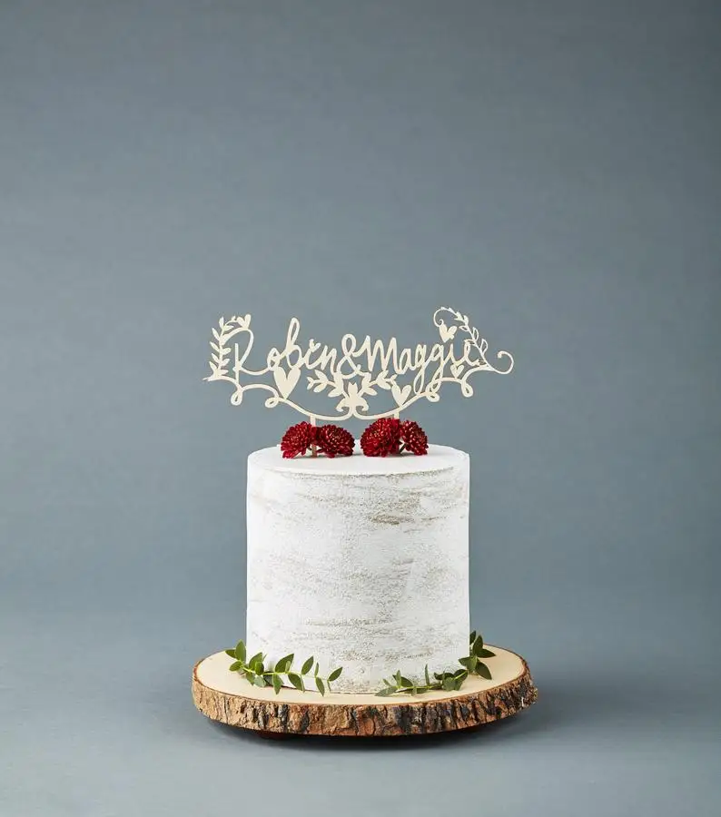 Персонализированные названия деревянные топперы на свадебный торт s-Пользовательские свадебный торт Топпер-деревенский деревянный Lasercut березовые топперы на свадебный торт D
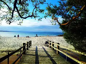 Greenpatch is located on Aboriginal Land within Booderee National Park. It is located in close proximity to HMAS Creswell and Jervis Bay Village. Greenpatch beach is approximately 1.5 kilometres (0.93 mi) long. Guinness World Records reports Jervis Bay as having the whitest sand in the world.[1]
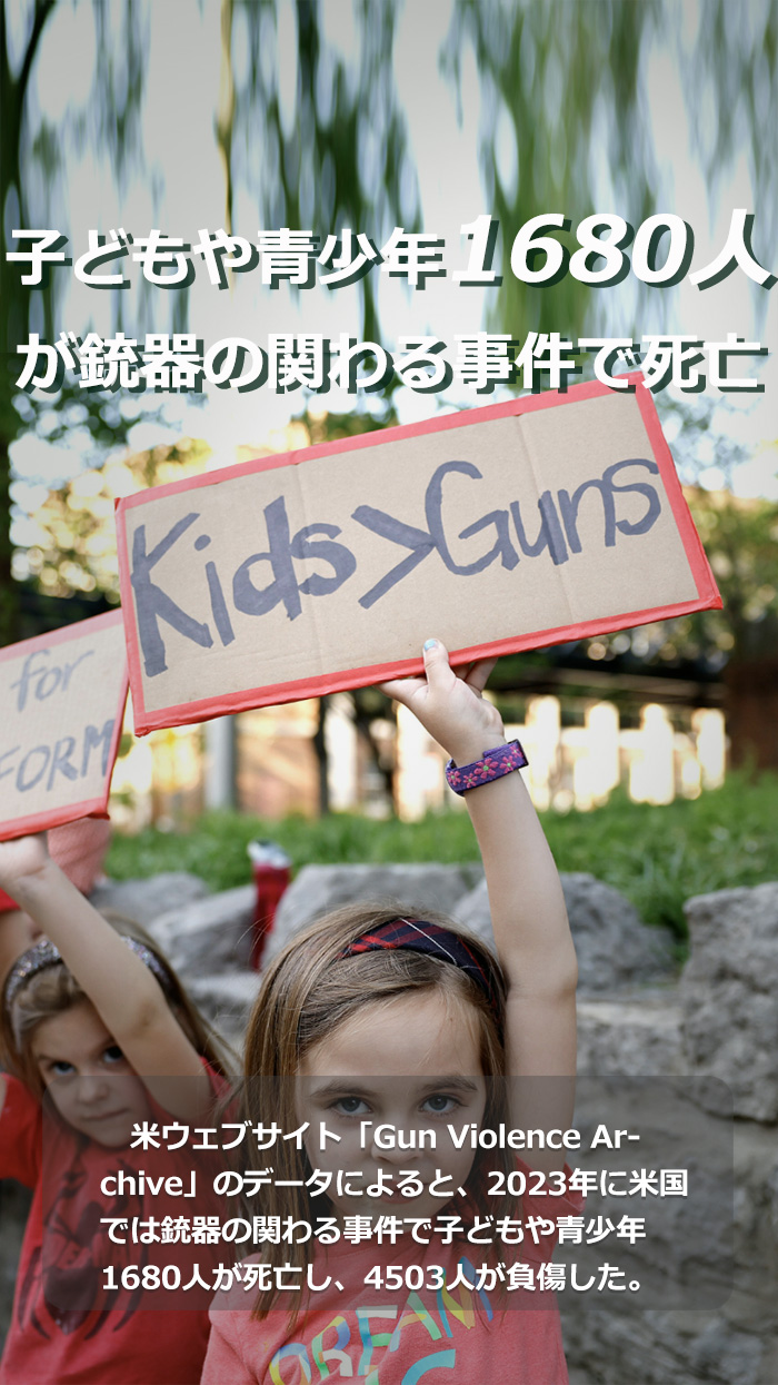 米ウェブサイト「Gun Violence Archive」のデータによると、2023年に米國では銃器の関わる事件で子どもや青少年1680人が死亡し、4503人が負(fù)傷した。(編集NA)

Directions for this task
Pictures are to be omitted; otherwise, write out the data exactly as it appears.

Task output
 Персонализированные названия деревянные топперы на свадебный торт s-Пользовательские свадебный торт Топпер-деревенский деревянный Lasercut березовые топперы на свадебный торт D
 Greenpatch is located on Aboriginal Land within Booderee National Park. It is located in close proximity to HMAS Creswell and Jervis Bay Village. Greenpatch beach is approximately 1.5 kilometres (0.93 mi) long. Guinness World Records reports Jervis Bay as having the whitest sand in the world.[1]
 米ウェブサイト「Gun Violence Archive」のデータによると、2023年に米國では銃器の関わる事件で子どもや青少年1680人が死亡し、4503人が負(fù)傷した。(編集NA)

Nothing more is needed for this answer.